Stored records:

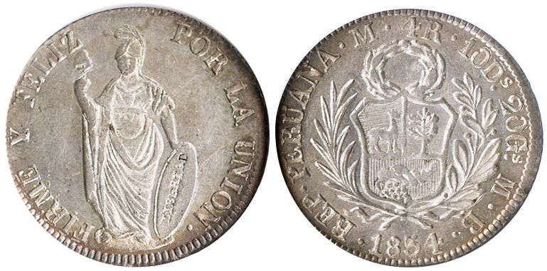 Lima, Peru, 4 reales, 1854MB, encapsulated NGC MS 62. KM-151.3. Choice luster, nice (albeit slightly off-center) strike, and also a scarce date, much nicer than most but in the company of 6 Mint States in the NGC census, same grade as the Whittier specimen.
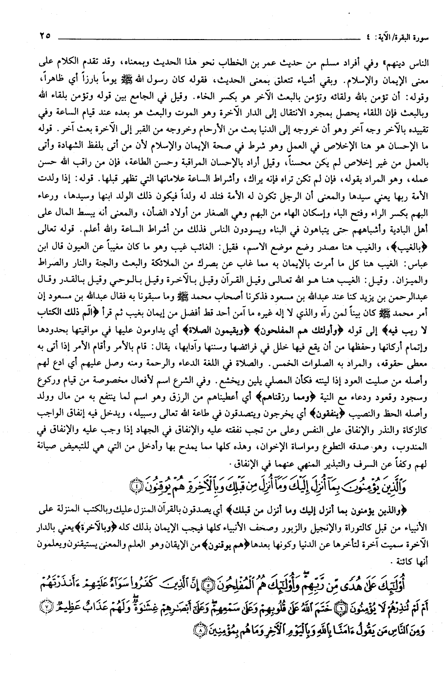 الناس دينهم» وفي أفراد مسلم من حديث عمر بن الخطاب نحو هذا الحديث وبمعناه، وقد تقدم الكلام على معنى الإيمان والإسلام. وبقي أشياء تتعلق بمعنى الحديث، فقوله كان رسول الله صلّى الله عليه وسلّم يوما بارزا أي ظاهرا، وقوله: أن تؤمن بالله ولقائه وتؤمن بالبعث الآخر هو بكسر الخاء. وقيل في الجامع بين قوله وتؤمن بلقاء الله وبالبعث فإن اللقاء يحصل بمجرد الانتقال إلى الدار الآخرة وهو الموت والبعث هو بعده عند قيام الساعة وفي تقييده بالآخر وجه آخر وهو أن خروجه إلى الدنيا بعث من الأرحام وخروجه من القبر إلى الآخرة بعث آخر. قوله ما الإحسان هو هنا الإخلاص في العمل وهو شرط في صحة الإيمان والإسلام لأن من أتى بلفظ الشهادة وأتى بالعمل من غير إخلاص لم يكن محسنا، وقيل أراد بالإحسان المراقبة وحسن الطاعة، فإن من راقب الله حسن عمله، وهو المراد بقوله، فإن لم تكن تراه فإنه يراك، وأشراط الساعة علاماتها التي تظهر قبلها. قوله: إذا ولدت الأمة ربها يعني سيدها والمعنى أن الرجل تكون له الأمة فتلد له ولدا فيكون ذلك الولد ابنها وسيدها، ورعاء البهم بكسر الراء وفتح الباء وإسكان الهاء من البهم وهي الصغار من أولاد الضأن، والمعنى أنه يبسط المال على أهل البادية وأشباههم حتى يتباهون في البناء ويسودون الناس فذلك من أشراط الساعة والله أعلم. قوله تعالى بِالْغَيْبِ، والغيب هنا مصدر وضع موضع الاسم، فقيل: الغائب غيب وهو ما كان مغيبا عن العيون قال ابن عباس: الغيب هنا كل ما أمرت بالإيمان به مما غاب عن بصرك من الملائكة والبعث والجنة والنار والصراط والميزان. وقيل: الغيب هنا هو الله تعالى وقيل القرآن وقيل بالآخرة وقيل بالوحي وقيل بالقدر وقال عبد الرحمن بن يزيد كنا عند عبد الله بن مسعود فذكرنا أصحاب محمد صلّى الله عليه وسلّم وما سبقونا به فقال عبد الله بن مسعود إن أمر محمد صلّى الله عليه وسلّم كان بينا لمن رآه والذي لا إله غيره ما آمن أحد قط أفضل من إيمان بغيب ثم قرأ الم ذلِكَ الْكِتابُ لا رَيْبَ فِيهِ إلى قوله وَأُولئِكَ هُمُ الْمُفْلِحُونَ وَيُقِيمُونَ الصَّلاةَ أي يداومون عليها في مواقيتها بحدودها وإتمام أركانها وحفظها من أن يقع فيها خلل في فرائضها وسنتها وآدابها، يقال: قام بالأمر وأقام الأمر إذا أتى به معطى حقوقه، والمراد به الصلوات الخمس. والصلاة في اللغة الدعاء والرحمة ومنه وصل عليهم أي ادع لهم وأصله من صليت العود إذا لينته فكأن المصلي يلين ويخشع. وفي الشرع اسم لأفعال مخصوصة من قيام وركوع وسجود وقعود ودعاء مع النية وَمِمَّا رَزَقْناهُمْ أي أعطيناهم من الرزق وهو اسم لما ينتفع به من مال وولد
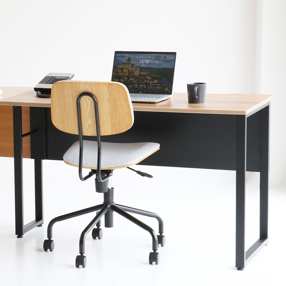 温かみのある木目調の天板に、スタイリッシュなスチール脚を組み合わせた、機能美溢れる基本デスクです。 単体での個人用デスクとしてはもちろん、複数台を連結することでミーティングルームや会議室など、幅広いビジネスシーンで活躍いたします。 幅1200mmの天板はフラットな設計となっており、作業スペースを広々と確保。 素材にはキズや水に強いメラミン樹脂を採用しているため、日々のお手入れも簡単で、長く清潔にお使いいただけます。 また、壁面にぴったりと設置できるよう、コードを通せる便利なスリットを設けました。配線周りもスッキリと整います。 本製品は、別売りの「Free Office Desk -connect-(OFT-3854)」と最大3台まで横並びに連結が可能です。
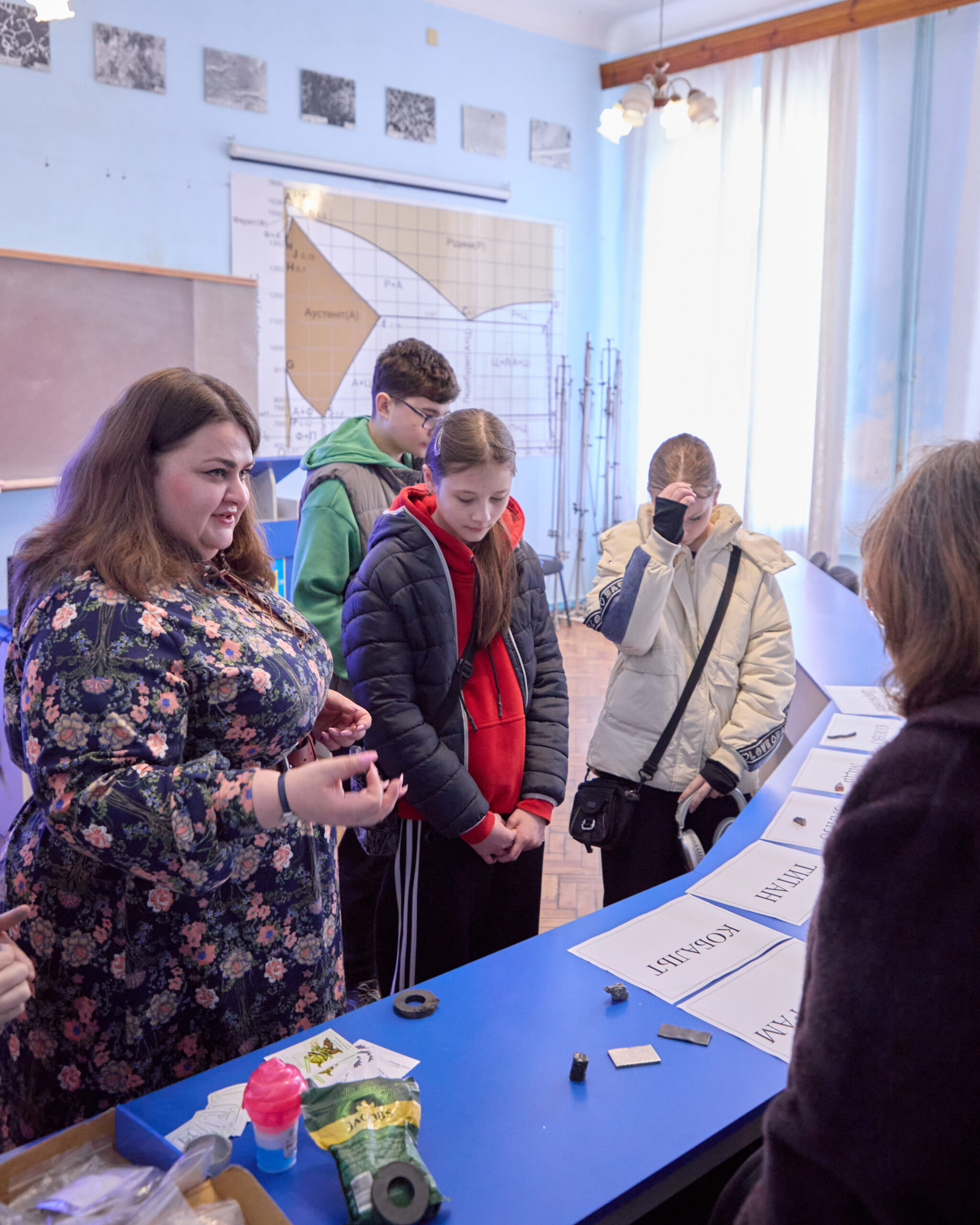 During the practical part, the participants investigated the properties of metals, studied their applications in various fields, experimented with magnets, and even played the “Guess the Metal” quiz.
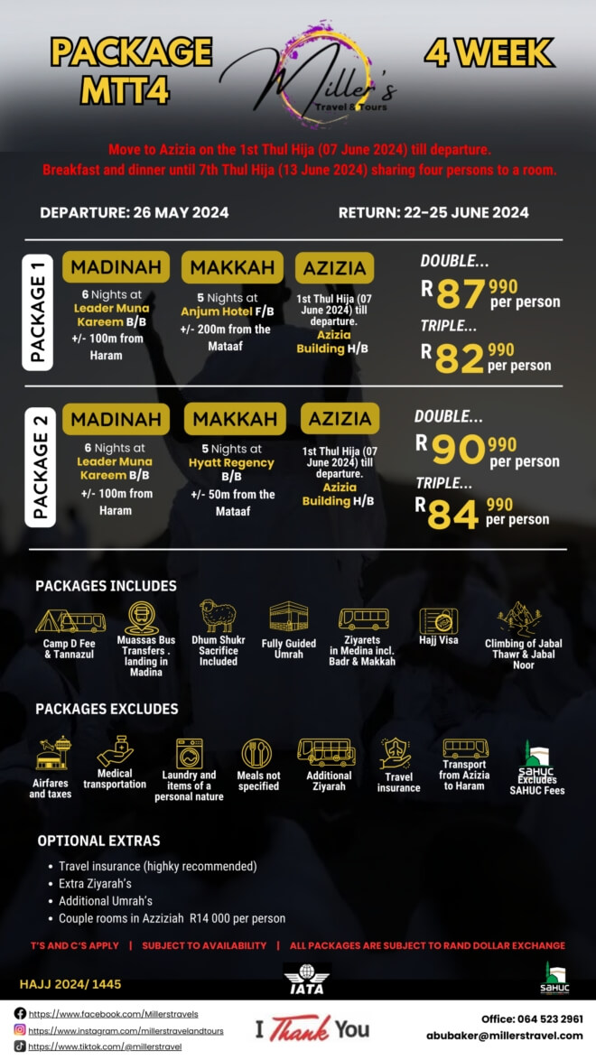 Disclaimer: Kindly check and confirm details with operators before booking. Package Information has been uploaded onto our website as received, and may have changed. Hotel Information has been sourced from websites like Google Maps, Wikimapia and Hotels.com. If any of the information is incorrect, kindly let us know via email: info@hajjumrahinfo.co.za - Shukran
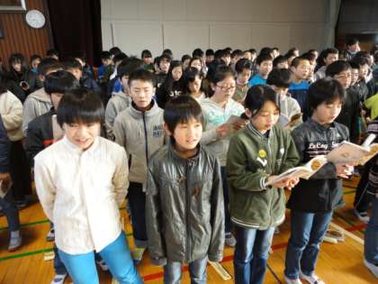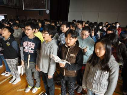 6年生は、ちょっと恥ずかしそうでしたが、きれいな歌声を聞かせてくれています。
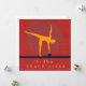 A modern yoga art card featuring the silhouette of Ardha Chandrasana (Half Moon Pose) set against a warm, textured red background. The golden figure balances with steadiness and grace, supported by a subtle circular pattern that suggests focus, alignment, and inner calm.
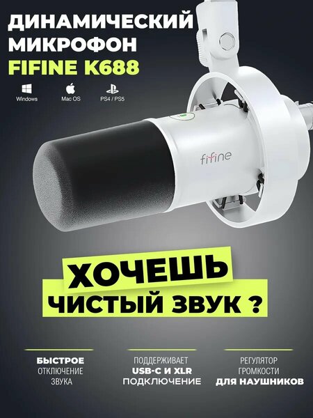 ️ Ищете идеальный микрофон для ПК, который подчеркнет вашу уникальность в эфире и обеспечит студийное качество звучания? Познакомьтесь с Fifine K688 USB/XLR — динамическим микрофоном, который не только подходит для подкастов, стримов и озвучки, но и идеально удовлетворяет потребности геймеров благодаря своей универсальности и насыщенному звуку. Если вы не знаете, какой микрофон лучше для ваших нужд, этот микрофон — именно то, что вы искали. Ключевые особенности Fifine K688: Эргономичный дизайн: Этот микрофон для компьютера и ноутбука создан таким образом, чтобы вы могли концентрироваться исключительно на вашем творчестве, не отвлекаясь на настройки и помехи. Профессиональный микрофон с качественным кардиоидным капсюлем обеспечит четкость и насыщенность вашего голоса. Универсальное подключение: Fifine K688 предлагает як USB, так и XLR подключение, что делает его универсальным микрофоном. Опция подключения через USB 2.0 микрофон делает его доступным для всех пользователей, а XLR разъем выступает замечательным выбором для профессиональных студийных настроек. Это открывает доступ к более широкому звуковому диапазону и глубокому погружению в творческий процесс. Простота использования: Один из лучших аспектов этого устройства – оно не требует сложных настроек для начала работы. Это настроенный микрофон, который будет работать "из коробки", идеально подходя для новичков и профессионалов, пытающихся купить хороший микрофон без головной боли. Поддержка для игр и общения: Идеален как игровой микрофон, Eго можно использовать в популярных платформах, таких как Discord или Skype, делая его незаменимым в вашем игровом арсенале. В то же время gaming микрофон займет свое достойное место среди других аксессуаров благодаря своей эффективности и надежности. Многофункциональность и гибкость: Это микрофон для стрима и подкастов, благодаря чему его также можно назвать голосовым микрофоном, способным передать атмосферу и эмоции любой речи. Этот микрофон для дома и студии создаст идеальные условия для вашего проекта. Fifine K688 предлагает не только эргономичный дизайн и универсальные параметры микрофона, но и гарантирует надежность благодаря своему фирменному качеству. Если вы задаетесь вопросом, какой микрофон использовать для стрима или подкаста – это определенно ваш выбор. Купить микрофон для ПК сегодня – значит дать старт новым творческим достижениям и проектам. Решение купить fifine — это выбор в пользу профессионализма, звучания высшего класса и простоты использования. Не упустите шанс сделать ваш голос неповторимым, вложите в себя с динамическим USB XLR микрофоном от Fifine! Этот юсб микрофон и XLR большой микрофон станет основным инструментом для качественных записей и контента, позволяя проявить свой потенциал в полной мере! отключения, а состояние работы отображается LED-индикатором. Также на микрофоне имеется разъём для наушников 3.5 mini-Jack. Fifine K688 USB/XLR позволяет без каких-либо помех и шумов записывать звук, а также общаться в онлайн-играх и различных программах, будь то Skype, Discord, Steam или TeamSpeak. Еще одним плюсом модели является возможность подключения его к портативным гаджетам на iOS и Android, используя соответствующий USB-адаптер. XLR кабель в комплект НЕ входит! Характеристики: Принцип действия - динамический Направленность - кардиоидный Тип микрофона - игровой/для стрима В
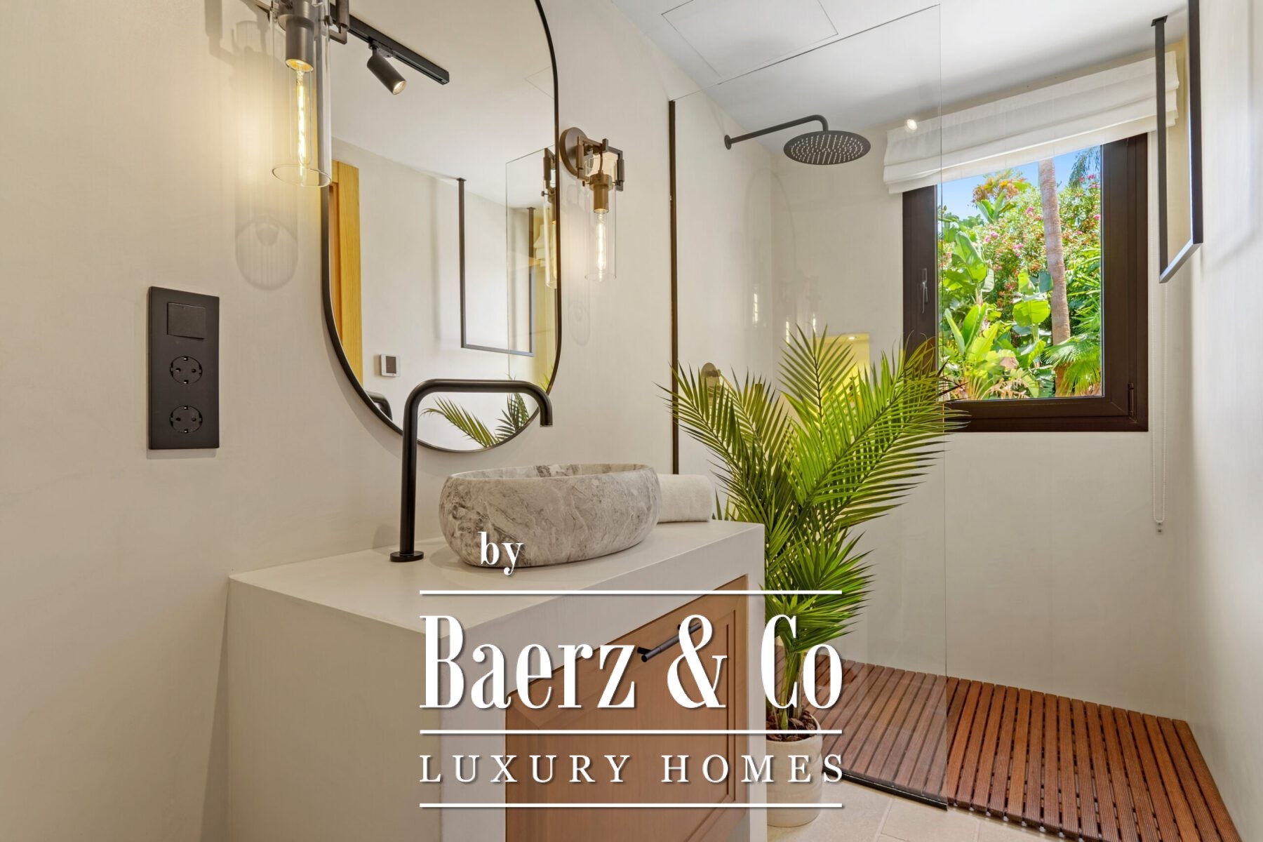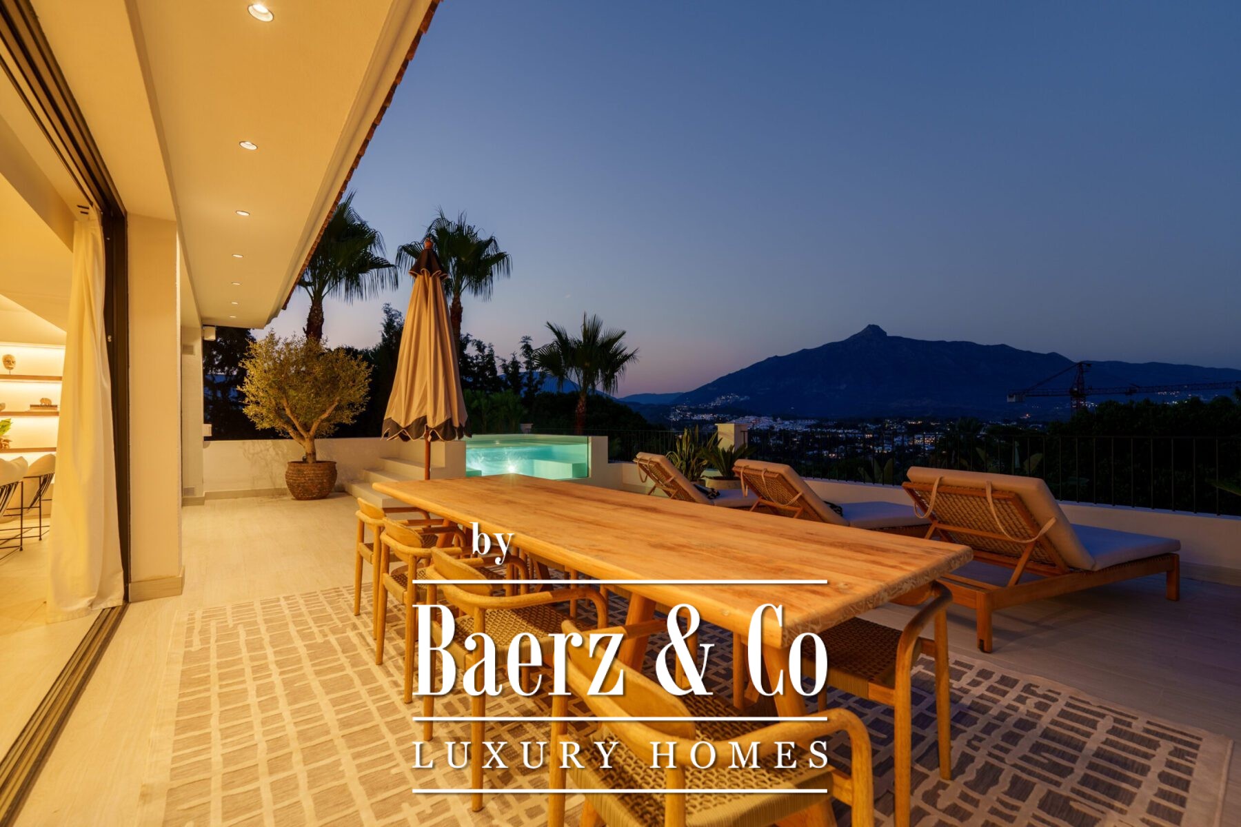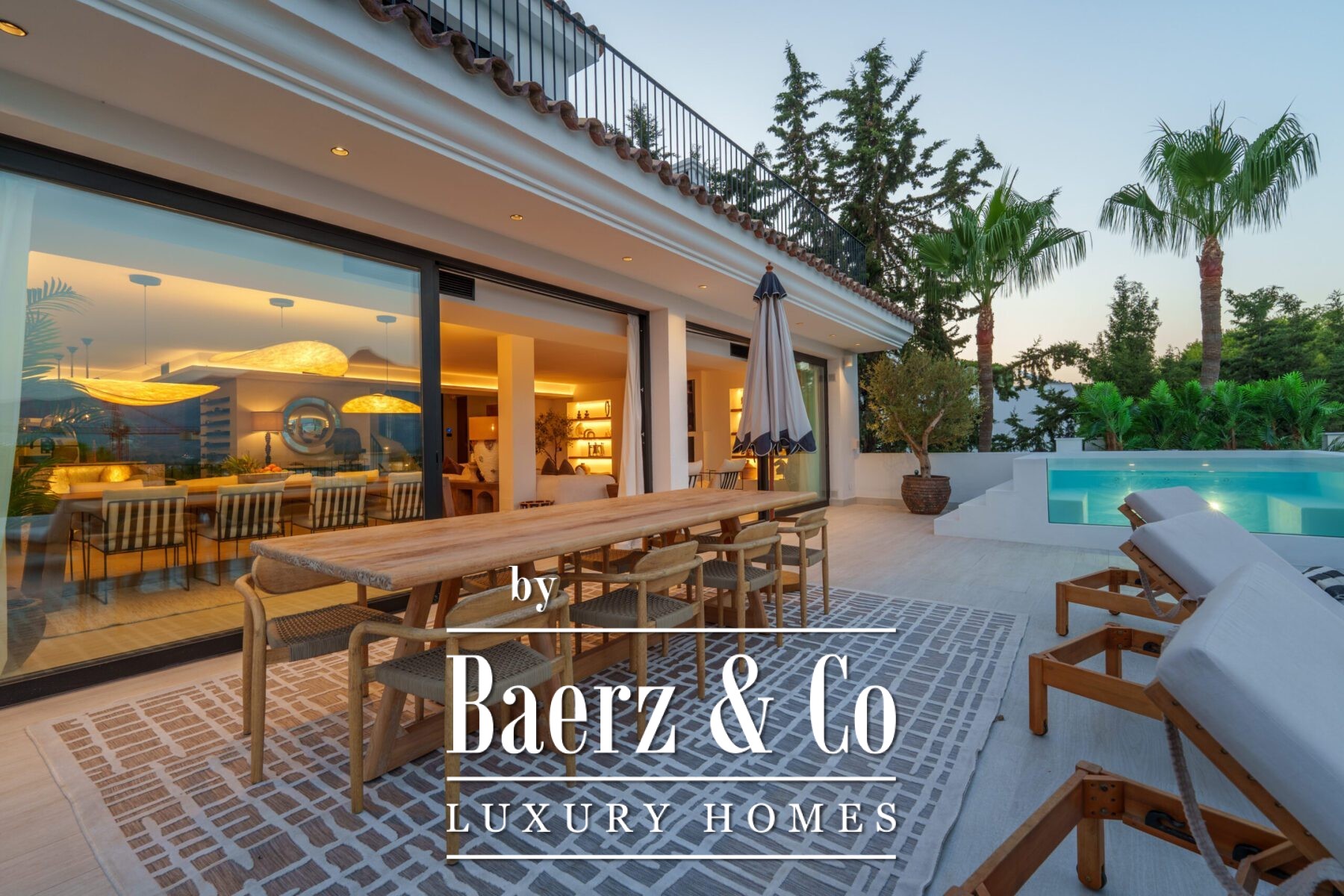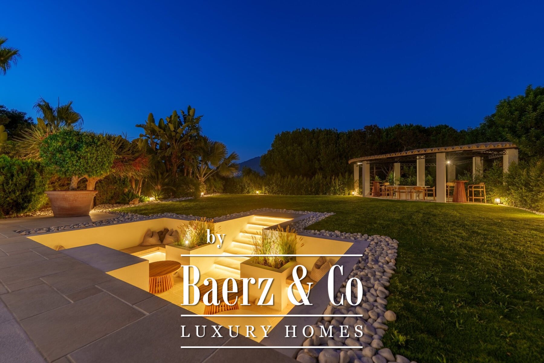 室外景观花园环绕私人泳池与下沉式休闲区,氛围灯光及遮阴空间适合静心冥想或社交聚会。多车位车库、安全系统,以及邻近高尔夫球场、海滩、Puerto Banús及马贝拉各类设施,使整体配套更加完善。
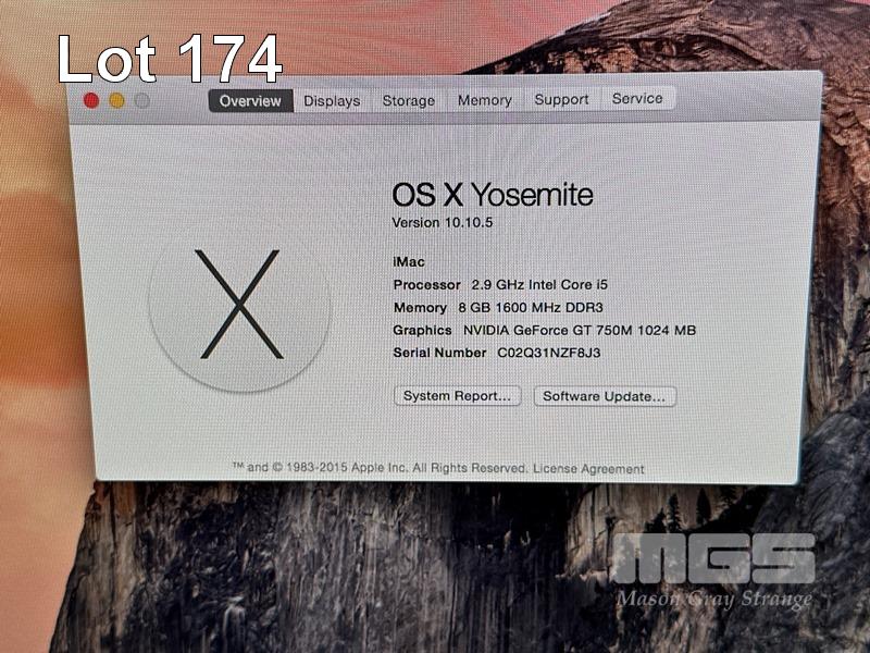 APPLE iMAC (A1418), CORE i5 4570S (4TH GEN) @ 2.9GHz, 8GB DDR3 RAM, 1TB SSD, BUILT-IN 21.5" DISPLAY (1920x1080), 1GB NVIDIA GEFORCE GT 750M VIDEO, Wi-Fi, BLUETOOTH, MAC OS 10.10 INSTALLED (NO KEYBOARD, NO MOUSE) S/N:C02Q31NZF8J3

WHAT THE EXERCISE ASKS — An exact copy is needed of the stretch above that opens with the line containing "During the practical" and closes with the line containing "A modern yoga"; the pictures are not part of it.

WRITTEN ANSWER —
 During the practical part, the participants investigated the properties of metals, studied their applications in various fields, experimented with magnets, and even played the “Guess the Metal” quiz.
 Disclaimer: Kindly check and confirm details with operators before booking. Package Information has been uploaded onto our website as received, and may have changed. Hotel Information has been sourced from websites like Google Maps, Wikimapia and Hotels.com. If any of the information is incorrect, kindly let us know via email: info@hajjumrahinfo.co.za - Shukran
 6年生は、ちょっと恥ずかしそうでしたが、きれいな歌声を聞かせてくれています。
 A modern yoga art card featuring the silhouette of Ardha Chandrasana (Half Moon Pose) set against a warm, textured red background. The golden figure balances with steadiness and grace, supported by a subtle circular pattern that suggests focus, alignment, and inner calm.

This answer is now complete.